After two years of writing this site, I’m chagrined it took me this long to pull an issue of Jeff Smith/Jo Smitty’s Feminist Baseball out of the boxes and give it another gander. Fanzine Hemorrhage did look at his early 80s Attack #8, but that was some time ago. By the early/mid 90s, Feminist Baseball had strong enough distribution that I was able to pick it up at Tower Records, but I never saw one of these until Issue #12, I’m pretty certain. I do believe he was doing these in the 80s despite a disclaimer in this issue that, in 1985, “lots of smart people closed off from music and missed the last half of the 80s, mostly ‘cos 95% of everything done in America sucked WILDLY. I’m only truly sorry I missed Pussy Galore and The Smiths”. So I’m really not sure what was actually going on in those 80s issues, if they even actually existed.
This issue came along in Spring/Summer 1995, and it’s pretty obvious from the word go that Smith is well-read, well-studied and scathingly cynical and opinionated in a way that I didn’t remember. His opening editorial is about shitty indie music, the cost of CDs, mass distribution of potato chips, farm subsidies and “the Clinton Crime Bill”. Now that’s taking me back. It’s followed by a long interview with 60s/70s actress Pamelyn Ferdin, whose work I’ve never seen, though I suppose I heard her voice as a child on Charlie Brown cartoons and Charlotte’s Web. Smith seems to be in a personal animal rights moment, which may not have been a “moment” at all, and Ferdin, as a current activist in this space, supplies him with some grist for the mill.
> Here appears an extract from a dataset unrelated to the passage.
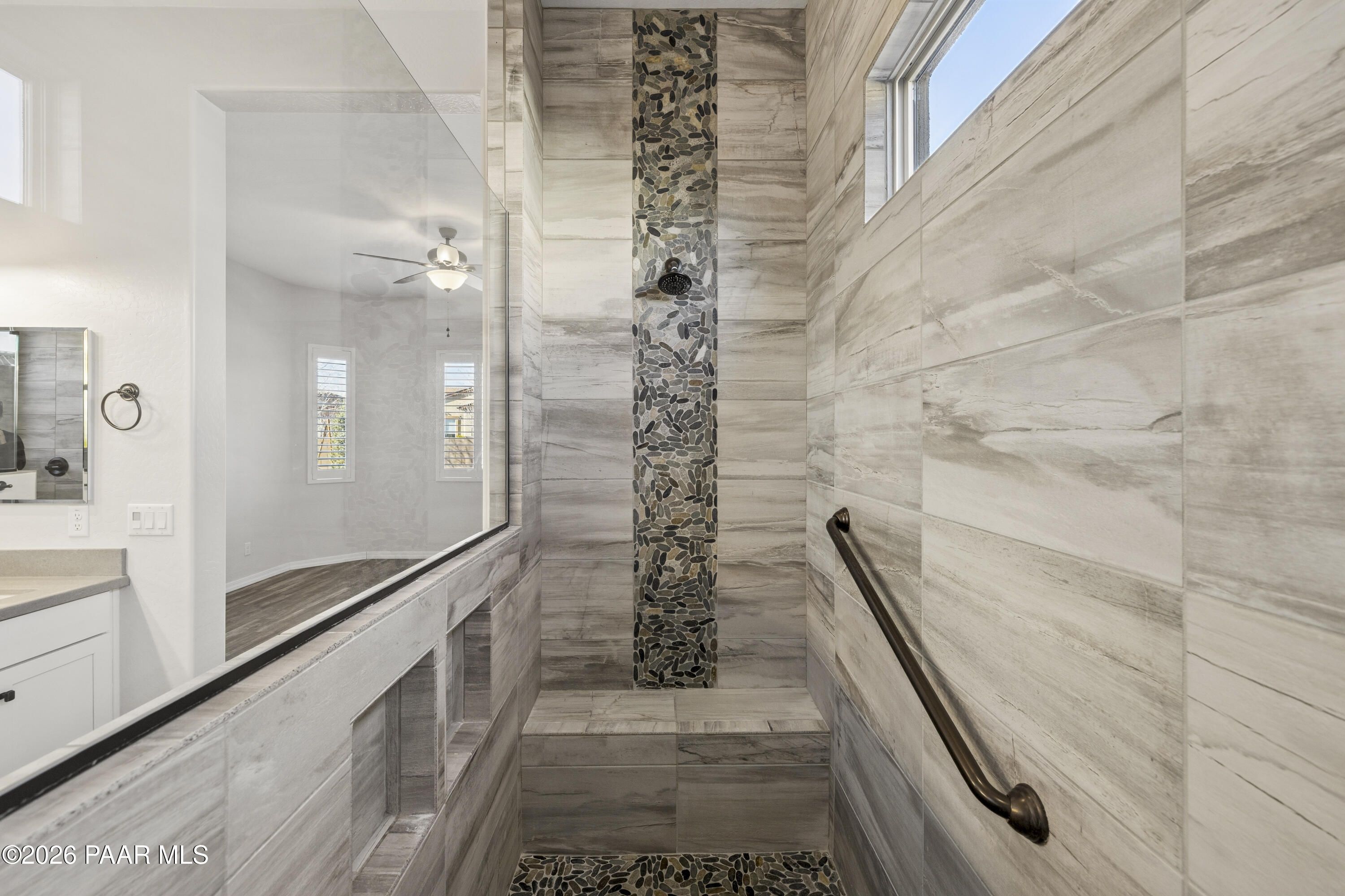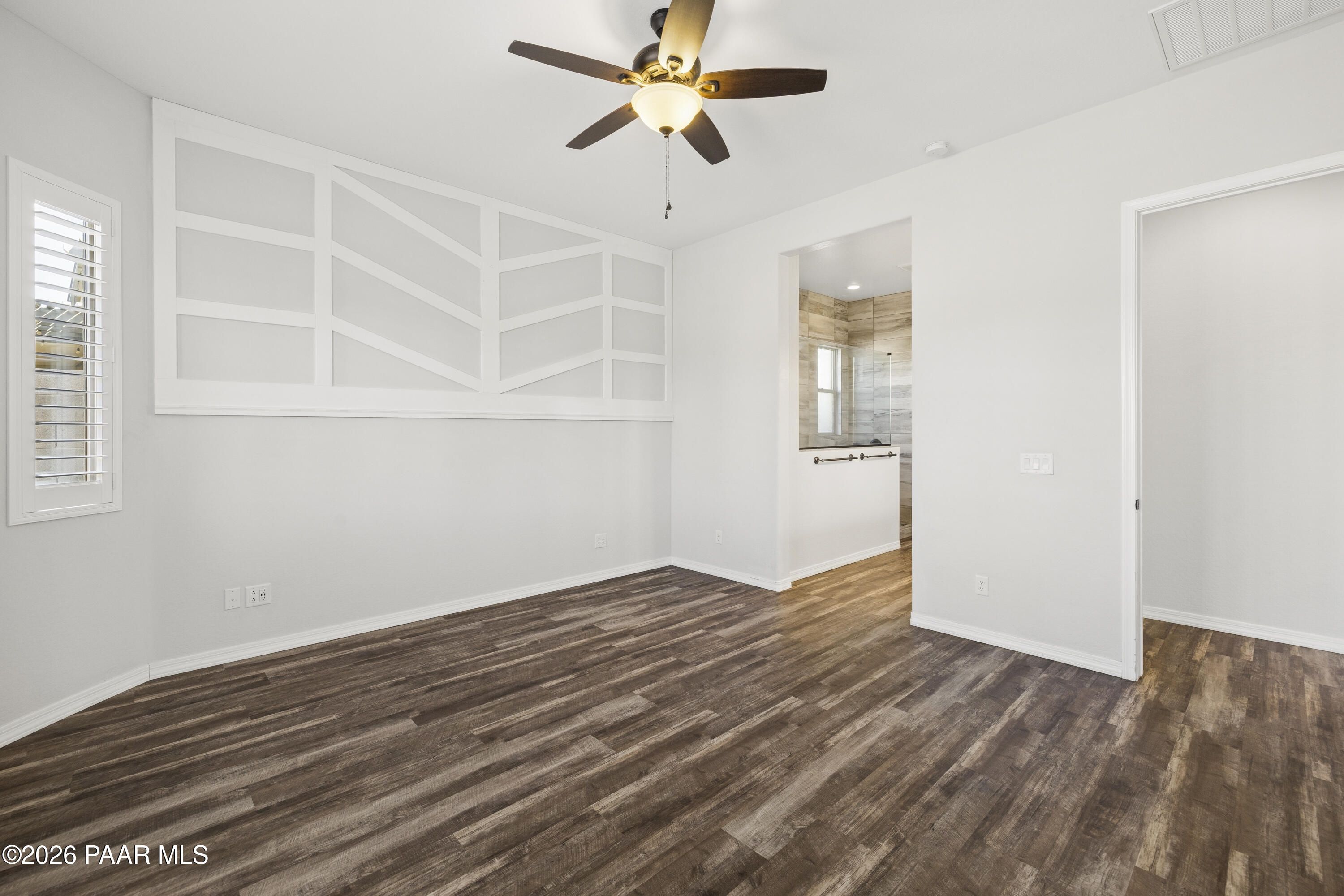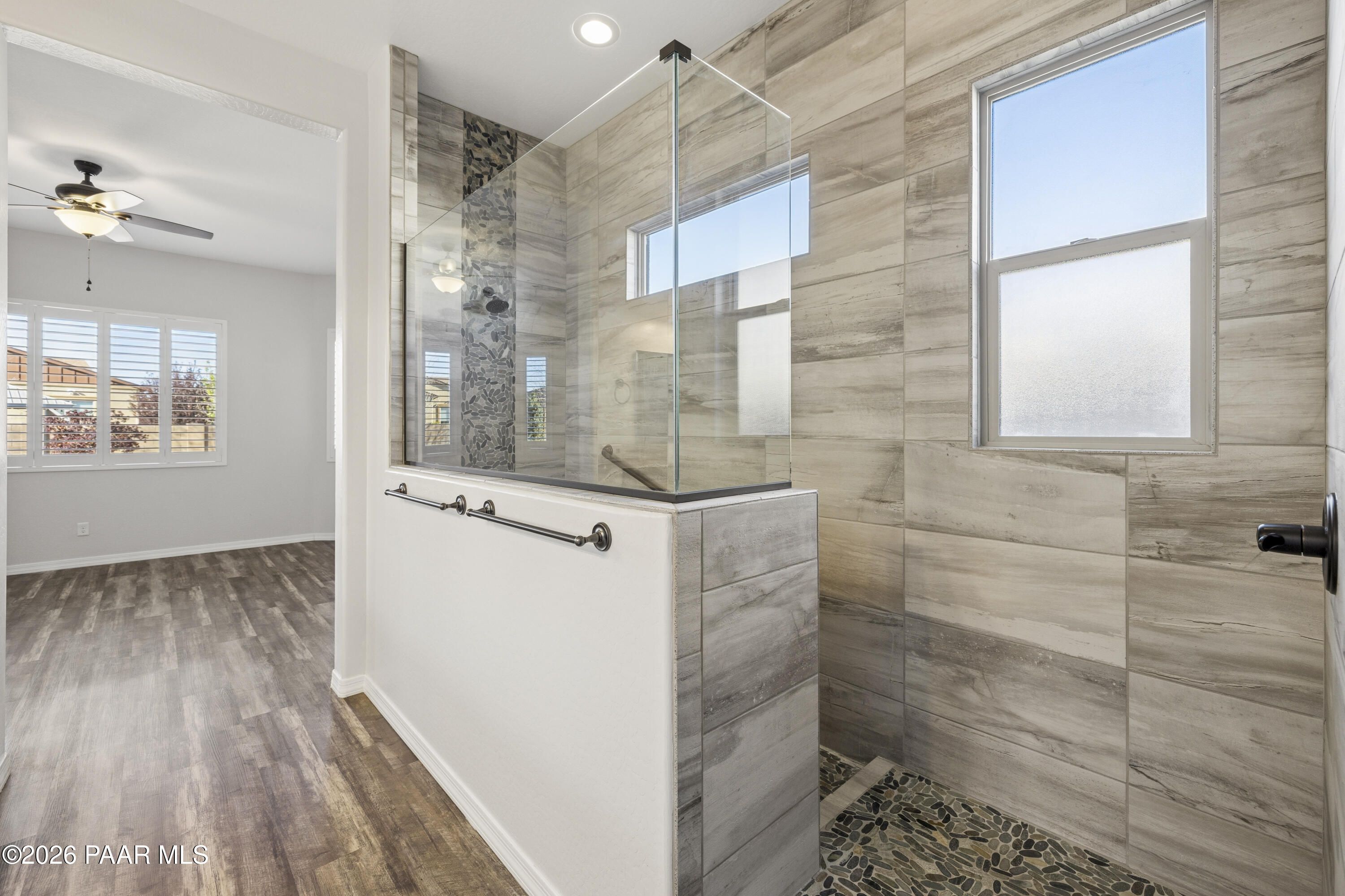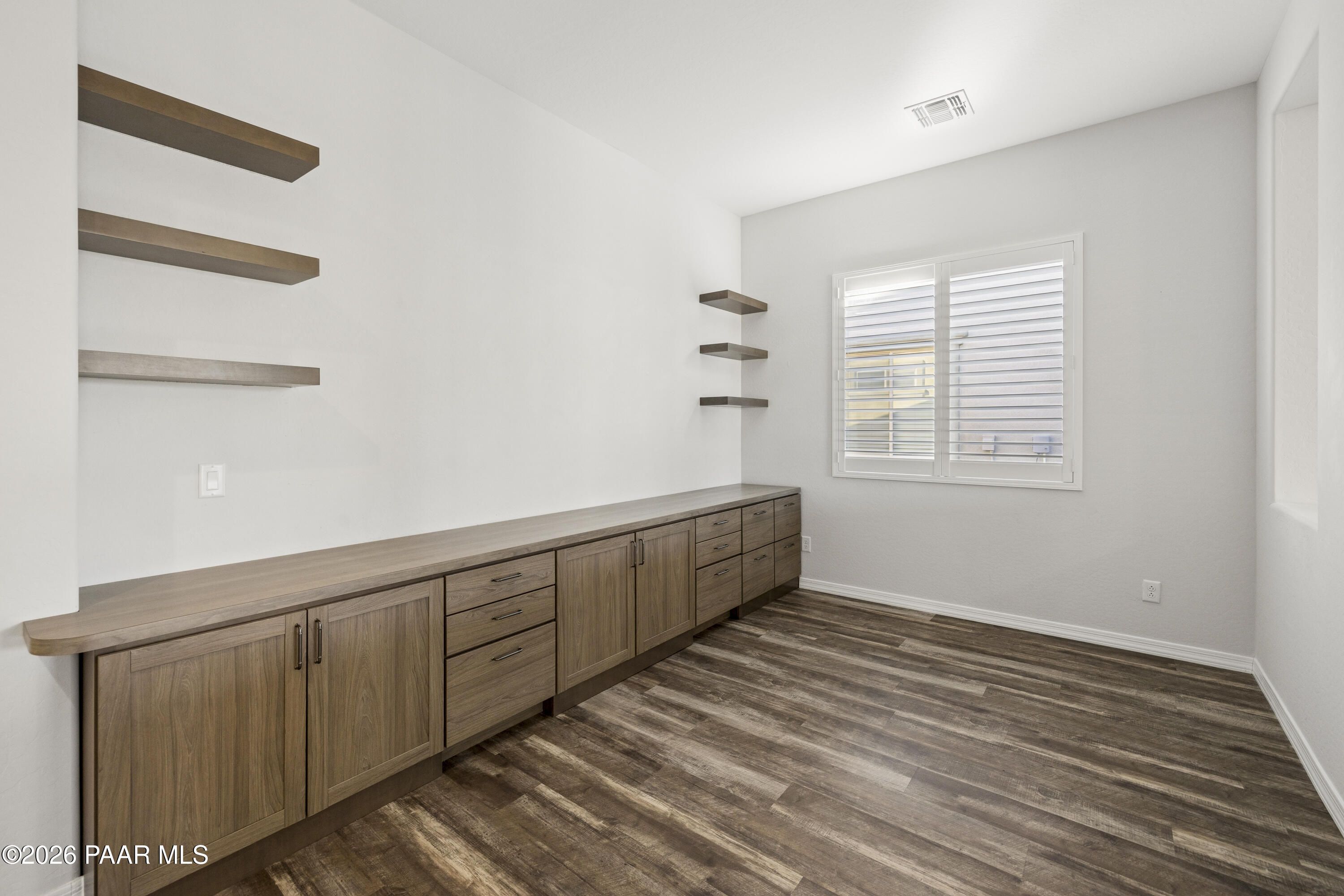 Tucked within the sought-after Pronghorn Ranch community, this 2019-built residence offers a refined blend of comfort, efficiency, and low-maintenance living.Thoughtfully designed for ease and everyday enjoyment, this 2-bedroom, 2-bath home features 1,943 square feet of well-appointed space with luxury vinyl tile flooring throughout and an open, inviting layout. The kitchen is both functional and polished, showcasing quartz countertops, a spacious island, tile backsplash across two walls, built-in desk, and under-cabinet lighting.The primary suite is a quiet retreat with a beautifully tiled walk-in shower featuring a pebbled floor and an expansive walk-in closet. A dedicated den/office with custom built-in cabinetry and shelving offers flexibility for work or hobbies.Step outside to a covered patio with an outdoor fireplace--perfect for entertaining and enjoying Prescott Valley's crisp evenings--while the fully landscaped and fenced backyard provides privacy and ease. Additional highlights include an epoxy-coated garage floor, laundry room with utility sink, gas fireplace in the living room, and solar panels ensuring a tiny electric bill and monthly credits at times.Residents of Pronghorn Ranch enjoy access to a clubhouse, fitness center, pool and spa, tennis courts, and more--creating a lifestyle that's both active and relaxed.A quietly exceptional home designed for those who appreciate quality, comfort, and simplicity.
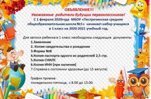 Прием в 1-ий класс 16.01.2020

Also from the get-go is just a phenomenal cross-section of independent and major label advertisements from the overloaded mid-1990s. On one page spread alone we find terrific ads for Siltbreeze and Claw Hammer’s horrible-selling major label debut Thank The Holder Uppers. So Interscope did actually advertise that record amidst that glut of indie-turned-major label bands at this time! Here’s a fine article about this era you can read. Then – and I just read all of this from word one to the final sentence – there’s a Blue Cheer history lesson, albeit nothing about V. Vale’s surprising time in the band – then a really great conversational Randy Holden interview about his tenure in Blue Cheer; in The Other Half; his album Population II and much, much more.
While the cover touts a “History of Krautrock” piece, it’s actually a short 2-pager called “Figuring out Krautrock?” I suppose many of us were back then. I’m still working on Faust to this day. I like the “LA is the New Seattle – an Informal Chat With Jackknife” interview as well. Jackknife really had all the right moves; superlative taste; a cool look and a real hustle ethic with their label “Star Fuck” – it just didn’t translate all that well onto record, except the few times that it did. “Originally our name was Drag Strip ‘69 and then all these drag records started coming out, like Gearhead + all that shit!”. Love it. The core of the band were a couple named Rich and Super Sandra; I have talked about them and their Alright! fanzine before here and here. Sandra is compared with Traci Lords in the interview, and she not only takes it in stride, she admits to resembling her “only in bed!!”.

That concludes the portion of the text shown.